How am I going to find the perfect combination of material, interaction and play? Apart from my own physical and material exploration I’ve worked on understanding both play, senses and haptics in order to have a solid foundation for my experience.


Understanding play What does define play and creates a playful experience? There needs to be a playspace34, creating a physical and conceptual relationships between objects that generate the play. John Sharp* & Colleen Macklin** describe a kind of play, whimsical play35, as a ride at an amusement park or kids rolling down the hill. Whimsical play provides unexpected results offering a sense of euphoria by generating dizziness and a play experience that you need to feel to understand. My approach to add play experiments into the narrative led me to figure out how important might be play for my research.

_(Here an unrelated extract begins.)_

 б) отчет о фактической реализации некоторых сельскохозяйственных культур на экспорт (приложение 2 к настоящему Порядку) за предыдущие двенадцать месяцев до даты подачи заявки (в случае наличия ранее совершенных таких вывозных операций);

*John Sharp is a game designer, graphic designer, art historian and educator. He makes games, teaches game design and other creative pursuits, and researches and writes about games, play, design, and art. **Colleen Macklin is a game designer, an Associate Professor in the school of Art, Media and Technology at Parsons School of Design and founder and co-director of PETLab (Prototyping Education and Technology Lab), a lab that develops games for experimental learning and social engagement.

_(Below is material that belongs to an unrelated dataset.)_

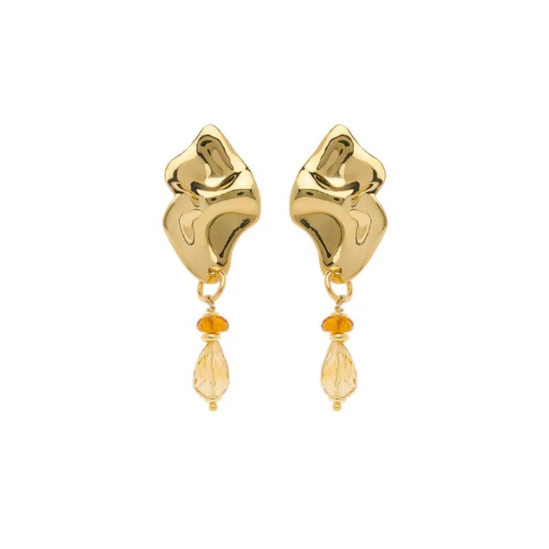 Orecchini realizzati a mani in argento 925 placcato oro giallo e topazi citrino.

Importance of play Miguel Sicart understanding of play gives me another perspective, “Play is a dance between creation and destruction, between creativity and nihilism. Playing is a fragile, tense activity, prone to breakdowns36.” How different can be the play that I want my experience to have?. “And play is not necessarily fun. It is pleasurable, but the pleasures it creates are not always submissive to enjoyment, happiness, or positive traits. Play can be pleasurable when it hurts, offends, challenges us and teases us, and even when we are not playing. Let’s not talk about play as fun but as pleasurable, opening us to the immense variations of pleasure in this world 37.” This kind of play can open up the kind of conversation I want my audience to have by setting the right mindset.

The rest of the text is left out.